Methyldopa

Date: May 2020, Version 2

What is it?

Methyldopa (Aldomet®) is used to treat high blood pressure (hypertension) in pregnancy.

Benefits

What are the benefits of taking methyldopa in pregnancy?

Methyldopa can prevent the complications caused by hypertension (high blood pressure) in pregnancy, and a related condition called pre-eclampsia. These complications include preterm birth, low birth weight in the baby, and illness in both the mother and baby which is sometimes serious.

Risks

Are there any risks of taking methyldopa during pregnancy?

Use of methyldopa in pregnancy is common and is unlikely to cause any harm. Most pregnant women taking methyldopa will start treatment after the first trimester when the baby is fully developed. This will therefore not cause structural birth defects in the baby. Even if you have taken methyldopa in the first trimester, there is no good evidence that this is linked to birth defects. There are also no known links with miscarriage or stillbirth and no evidence that methyldopa causes preterm birth or low infant birth weight.

Alternatives

Are there any alternatives to taking methyldopa?

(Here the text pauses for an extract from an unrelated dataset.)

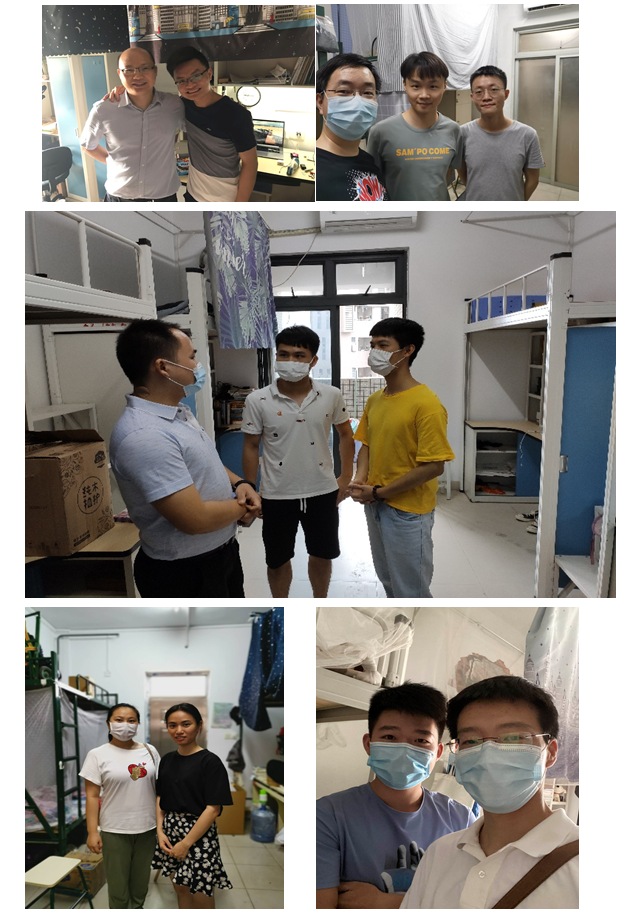 sunbet申博计科与行政教辅教师党支部李青青、伍华章、葛浩、魏小锐、黄培灿、李广明、曹莹莹、李学强、陶铭、卢安、魏文红等党员教师,带头走访了87位已返校学生的宿舍,问寒问暖,看看他们毕业前还有些什么需求,毕业手续办理得如何?嘱咐他们:在校期间要注意身体及财产安全,注意通风透气,空调不要调太低,不要感冒,不聚集,戴口罩……
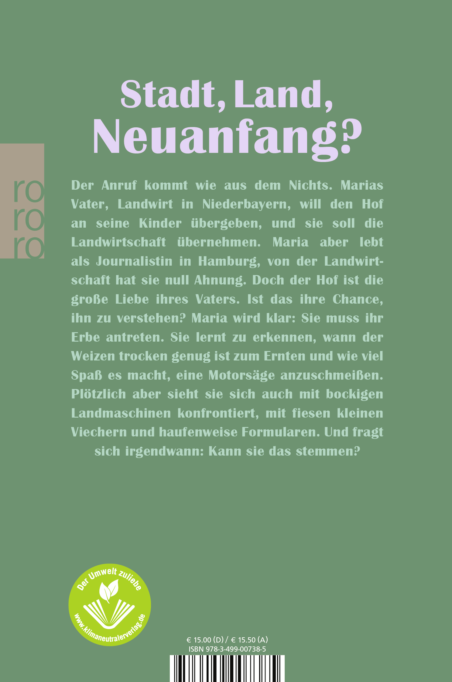Der Anruf kommt wie aus dem Nichts. Marias Vater, Landwirt in Niederbayern, will den Hof an seine Kinder übergeben, und sie soll die Landwirtschaft übernehmen. Maria aber lebt als Journalistin in Hamburg, von der Landwirtschaft hat sie null Ahnung. Doch der Hof ist die große Liebe ihres Vaters. Ist das ihre Chance, ihn zu verstehen? Maria wird klar: Sie muss ihr Erbe antreten. Sie lernt zu erkennen, wann der Weizen trocken genug ist zum Ernten und wie viel Spaß es macht, eine Motorsäge anzuschmeißen. Plötzlich aber sieht sie sich auch mit bockigen Landmaschinen konfrontiert, mit fiesen kleinen Viechern und haufenweise Formularen. Und fragt sich irgendwann: Kann sie das stemmen?

Possibly. Other medicines can also be used to treat hypertension in pregnancy and pre-eclampsia. However, if your doctor has suggested that you take methyldopa, this will be based on a number of factors including how you have responded to other high blood pressure medicines and whether you have experienced any side effects. If you have any questions about a medicine that you are offered in pregnancy, you should discuss them with your doctor or midwife.

No treatment

What if I prefer not to take medicines to treat hypertension or pre-eclampsia?

It is very important to take any medicines prescribed for hypertension or pre-eclampsia as both of these conditions can be serious for both mother and baby. Your doctor will only prescribe medicines when absolutely necessary and will be happy to talk to you about any concerns that you might have.

Will my baby need extra monitoring?

All pregnant women in the UK should be offered a detailed anomaly scan at around 20 weeks of pregnancy as part of their routine antenatal care. No extra monitoring for major birth defects is required following methyldopa use in pregnancy.

In general, women with high blood pressure will be more closely monitored during pregnancy to ensure that they remain well throughout and that their baby is growing as expected.

Are there any risks to my baby if the father has taken methyldopa?

We would not expect any increased risk to your baby if the father takes methyldopa.

Who can I talk to if I have questions?

If you have any questions regarding the information in this leaflet, please discuss them with your health care provider. They can access more detailed medical and scientific information from www.uktis.org

How can I help to improve drug safety information for pregnant women in the future?

Our online reporting system (MyBump Portal) allows women who are currently pregnant to create a secure record of their pregnancy, collected through a series of questionnaires. You will be asked to enter information about your health, whether or not you take any medicines, your pregnancy outcome and your child's development. You can update your details at any time during pregnancy or afterwards. This information will help us better understand how medicines affect the health of pregnant women and their babies. Please visit the MyBump Portal to register.

General information
Sadly, miscarriage and birth defects can occur in any pregnancy.

Miscarriage occurs in about 1 in every 5 pregnancies, and 1 in every 40 babies are born with a birth defect. This is called the ‘background risk’ and happens whether medication is taken or not.

Most medicines cross the placenta and reach the baby. For many medications this is not a problem. However, some medicines can affect a baby’s growth and development.

If you take regular medication and are planning to conceive, you should discuss whether your medicine is safe to continue with your doctor/health care team before becoming pregnant. If you have an unplanned pregnancy while taking a medicine, you should tell your doctor as soon as possible.

If a new medicine is suggested for you during pregnancy, please make sure that the person prescribing it knows that you are pregnant. If you have any concerns about a medicine, you can check with your doctor, midwife or pharmacist.

Our Bumps information leaflets provide information about the effects of medicines in pregnancy so that you can decide, together with your healthcare provider, what is best for you and your baby.